Podemos ressaltar ainda que o próprio Código de Processo Penal, em seus artigos 219 e 436, §2º, prevê a possibilidade de aplicação de multa contra terceiros.

Por fim, importante salientar que o tema em questão trata-se de multa cominatória, não se confundindo com a multa por litigância de má fé que é inaplicável ao processo penal.

REsp 1.568.445-PR, Rel. Min. Rogerio Schietti Cruz, Rel. Acd. Min. Ribeiro Dantas, Terceira Seção, por maioria, julgado em 24/06/2020, DJe 20/08/2020

NO CASO DE DUPLICIDADE DE INTIMAÇÕES, PREVALECE A INTIMAÇÃO ELETRÔNICA EM DETRIMENTO DA PUBLICAÇÃO NO DIÁRIO OFICIAL DE JUSTIÇA

Primeiramente, importante salientar que a Lei n. 11.419/2006 dispõe que as intimações serão feitas por meio eletrônico em portal próprio, sendo desnecessário a publicação em órgão oficial.


Indo além, o Código de Processo Civil prevê em seu artigo 272, que “quando não realizadas por meio eletrônico, consideram-se feitas as intimações pela publicação dos atos no órgão oficial.”
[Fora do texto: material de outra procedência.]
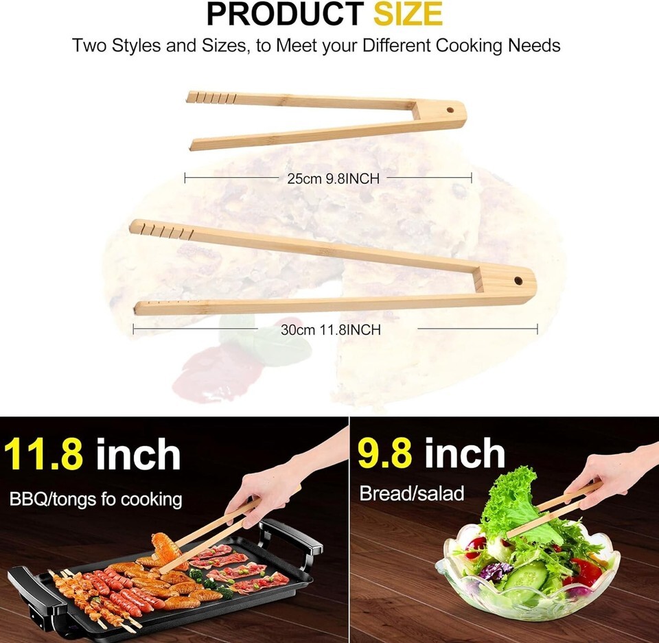 Wooden tongs for cooking come in two lengths, 11.8 inch and 9.8 inch, and can be used to enter and exit our ovens, air fryers, and to flip bacon or serve in non stick pans. This is a great addition, it has made a huge difference!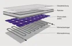 PVT-Kollektoren bestehen aus einem PV-Modul und einem Rohrregister, in dem sich ein Wärmeträger befindet. Das Rohrregister besteht aus Metall (meist Kupfer oder Aluminium) oder Kunststoff und ist mit dem PV-Modul entweder verklebt, laminiert oder in den Rahmen eingeklemmt, um einen guten thermischen Kontakt zum PV-Modul herzustellen.

A partir da leitura dos dispositivos legais referente a este assunto, o Superior Tribunal de Justiça fez a interpretação no sentido de que a regra das comunicações processuais aos advogados acontecem pela via eletrônica, dando mais ênfase na informatização dos processos judiciais, deixando as publicações dos atos no órgão oficial como meio subsidiário.


Para embasar a decisão, a Corte utilizou-se dos princípios da boa-fé, da presunção de legalidade, e segurança jurídica para que não ocorra prejudicialidade às partes com erro na informação e condução do processo.
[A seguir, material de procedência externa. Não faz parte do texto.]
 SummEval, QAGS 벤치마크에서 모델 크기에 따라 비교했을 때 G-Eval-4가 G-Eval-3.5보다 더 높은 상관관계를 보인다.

Assim, o diário oficial serviria como suporte quando o meio eletrônico se tornasse inviável para publicações.


AgInt no AREsp 1.330.052-RJ, Rel. Min. Luis Felipe Salomão, Quarta Turma, por unanimidade, julgado em 26/03/2019, DJe 29/04/2019

MANDADO DE SEGURANÇA NÃO PERDE O OBJETO CASO A DECISÃO QUESTIONADA TRANSITE EM JULGADO NO CURSO DA AÇÃO MANDAMENTAL

O Superior Tribunal de Justiça é firme no sentido da impossibilidade de impetração de mandado de segurança diante de decisão que já transitou em julgado. Tal interpretação é extraída do artigo 5º, III, da Lei n. 12.016/2009 e da Súmula n. 268 do Supremo Tribunal Federal.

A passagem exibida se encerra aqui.